# [App] Undelete - Recover Any File On Your Rooted Device



## subspace (Oct 15, 2011)

*Undelete* 

Welcome to the open beta of our newest root application - Undelete for Android, an application for root users that allows you
to recover deleted files on your SD card or internal storage.

*Features:*

- Fast scanning logic
- Restore any file that has not been written over
- Securely wipe/shred discovered files
- Works with images, video, music, archives and binaries

Currently, only FAT is supported. On Tegra devices, only the external SD is supported.

We may write a special version supporting EXT4 if this app is successful.

Be warned: this is an early Beta build, provided "as is" with no support of any kind.

We take no responsibility for any issues that may arise from using the app. In some rare cases attempting to restore files may
corrupt the memory entirely (though we have not seen this problem, it is theoretically possible).

That said it has been in development for a while and well tested on the devices we have at the office - Incredible S, Nexus S,

Xoom, Transformer, Sensation, Galaxy S I/II, Galaxy Ace, Desire.

*Market link:*

https://market.android.com/details?id=fahrbot.apps.undelete&feature=search_result

*Screens:*


----------



## subspace (Oct 15, 2011)

Hard to believe there isn't a single comment... this is the first app of its kind for Christs sake!


----------



## _josh__ (Jun 13, 2011)

First comment  jk. Sounds like a great app. Will be trying this one. Sometimes find myself going " dang I wish I wouldn't have deleted that" . Thx alot.


----------



## scarmon25 (Jun 11, 2011)

Well I just tested this on CM7 with a few files to see if it would work and sure enough. I got my files back. This is a really cool app man. Great work. Simple yet effective, my favorite kind of apps.
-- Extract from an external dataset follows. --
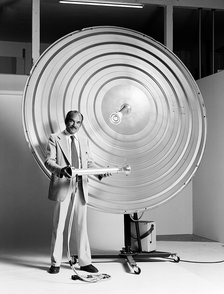 1975 - DIE Neuheit in der Welt der Fotografie: die runden Glasfaser-Parabol- Reflektoren SR-1100 und SR-2200 mit verschiebbarer Blitzröhre im Mittelpunkt.
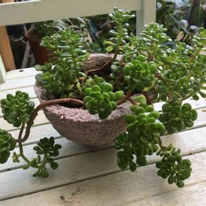 旅行先の奄美の海沿いに生えてたのを、名前もわからず引っこ抜いてきたやつ 調べたらどうやらハママンネングサっぽい なかなかに絶滅が危惧されてるらしい でもわさわさ生えてたけどね… もしかして貴重な生息地だったのかな… 持って帰ってきた以上、大切に育てさせていただく

Just another post from a CM7 junkie.


----------



## n00dle (Aug 7, 2011)

Am I blind, don't see d\l link (though I notice op shows to have been edited?)


----------



## sk8ingdroid (Nov 5, 2011)

Yah i think it is was really stoked to try it


----------



## ro6666lt (Sep 2, 2011)

The link is back up.... curious to hear what everyone thinks about this. I tried it on my Xoom without any problems. worked like a charm.


----------



## subspace (Oct 15, 2011)

I too am curious why the forums are so dead... I'm getting tired of bumping pointlessly 

You know we developers actually care about feedback - we aren't automatons interested only in promoting through sites where most people have access to black market options.

We actually find that feedback helps. It helps us an our customers.


----------



## JBirdVegas (Jun 11, 2011)

wow is all I can say. I tried UNDELETE out VERY good job!

Did you write this with the sdk or ndk? I would love to see how you accomplished such an original, to android, idea.


----------



## Locobato (Dec 1, 2011)

Very cool app, will come in handy I'm certain.


----------



## subspace (Oct 15, 2011)

Thank you, enjoy!


----------



## normmcgarry (Dec 16, 2011)

Your app saved my ass, seriously. Just wanted to say thank you and I was glad to pay the $3.99 for it.

This is a lesson on why you should never mess with your wife's phone.


----------



## subspace (Oct 15, 2011)

normmcgarry said:


> Your app saved my ass, seriously. Just wanted to say thank you and I was glad to pay the $3.99 for it.
> 
> This is a lesson on why you should never mess with your wife's phone.


No probs. Try some of my other apps


----------